With every new version of OO first and then LO I've been testing how my 2009 docx PhD thesis looked. Back in the day the formatting problems were horrendous. Now it is more bearable but still a long shot from perfect interoperativity.

I am not sure if this may be of help but decided to attach the document as an example of a real world complex docx file in which it becomes impossible to work switching from MS Office and LO, something necessary in collaborative environments as academia.

Hopefully it can be used as a test-case to help nail down all the formatting bugs existent.

To replicate, simply open the file in MS Office 2007 and then in LO 4.2. Most problems are focused on figures not showing, text frames now showing all the content (e.g. search for "Cuadro 2"), etc.

If needed I can try to list the formatting problems thoroughly.
Comment 1 Thomas van der Meulen [retired] 2014-03-23 17:05:40 UTC
Thank you for your bug report, I can reproduce this bug running 
Version: 4.3.0.0.alpha0+
Build ID: 1a67b7cc3d5dc3dcd0de0e247f638c33d57dea1b
TinderBox: MacOSX-x86@49-TDF, Branch:master, Time: 2014-03-23_05:59:09
OS: Mac osx 10.9.2


I have compared it with Microsoft word 2007 on Windows 7

Because of the problems the page number are the pages on libreoffice.
Problems that I have found:
-no smart-art on page 33, 80, 81, 99, 100, 113, 124,142
-Text box is wrong on page 38, 46, 48, 75, 80, 81, 83, 86, 101, 105, 109, 120, 124, 145, 147
-on page 56,62, 67, 88, 95/96 the white/not filled dots are placed wrong
- page counter in footer is missing
Comment 2 A (Andy) 2015-12-27 20:05:19 UTC
Reproducible with LO 5.1.0.1, Win 8.1

Missing page counter in the footer, missing smart-arts (e.g. page 33), different length of the document (164 vs 174 pages), wrong text boxes (e.g. page 76).
Comment 3 QA Administrators 2018-05-31 02:52:36 UTC Comment hidden (obsolete)
Comment 4 Roman Kuznetsov 2020-01-09 14:57:39 UTC
still repro in

Version: 6.5.0.0.alpha0+ (x64)
Build ID: 2d736e1a0a2bbd41fe7793d52bbcc7bfc89c7da3
CPU threads: 4; OS: Windows 10.0 Build 18362; UI render: default; VCL: win; 
Locale: ru-RU (ru_RU); UI-Language: en-US
Calc: threaded
Comment 5 Timur 2020-01-09 15:39:42 UTC
Created attachment 157040 [details]
.DOCX resaved in MSO

Sample .docx is 2007 version. Here is .docx resaved in Word.

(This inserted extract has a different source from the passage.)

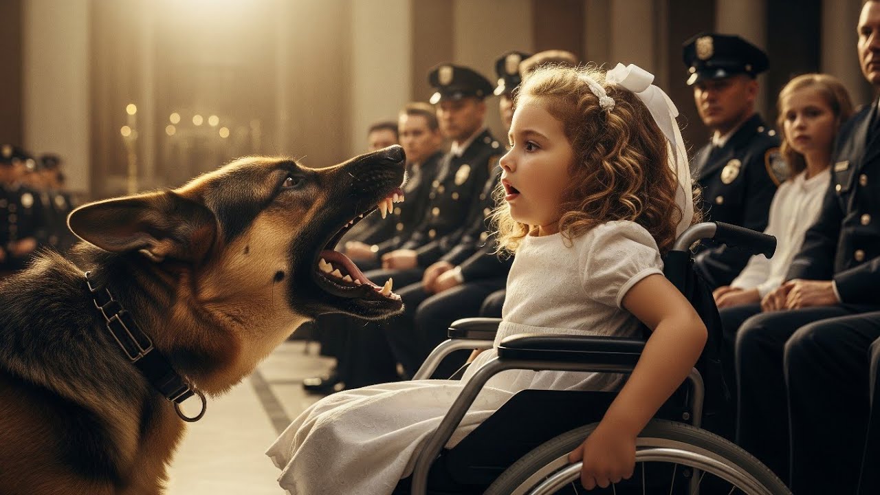 The room was silent. Rows of officers in crisp uniforms, families clutching folded flags, children fidgeting in metal chairs. And then, everything stopped. From the shadows, an enormous German Shepherd stepped forward, his paws echoing softly against the floor. No one called him. No one dared move. Yet every step he took made the air grow heavier. A little girl in a white dress sat frozen in her wheelchair. Her mother’s breath caught. Officers exchanged uncertain glances. The dog didn’t wag his tail. He didn’t blink. His amber eyes locked onto hers like he could see straight into her soul. In that instant, everyone wondered, “What is he about to do?”

This was wrong bug report, because rule is one issue per bug, and even that after search for duplicates.
Comment 6 Timur 2020-01-09 16:02:16 UTC
(In reply to Thomas van der Meulen from comment #1)
> Problems that I have found:
> -no smart-art on page 33, 80, 81, 99, 100, 113, 124,142
Smart-art on page 33 present in new DOCX, with some distortion. Already known issue that it's not read from 2007 format. Needs search for distortion issue. 
80 and 81 no smart-art in Word, that's page 83, same as previous. Etc.


> -Text box is wrong on page 38, 46, 48, 75, 80, 81, 83, 86, 101, 105, 109,
> 120, 124, 145, 147
Page 38 nothing, page 39: seen in new DOCX, wrong spacing. Needs search. 
From 83 seen in new DOCX. 1st wrong spacing, 2nd empty. Needs search. 


> -on page 56,62, 67, 88, 95/96 the white/not filled dots are placed wrong
Not clear.


> - page counter in footer is missing
Not in new DOCX.


So, main issues are empty text boxes, wrong spacing in some and smaller issues with smart art.
If issue not found in search, report needs a minimal sample DOCX created in MSO.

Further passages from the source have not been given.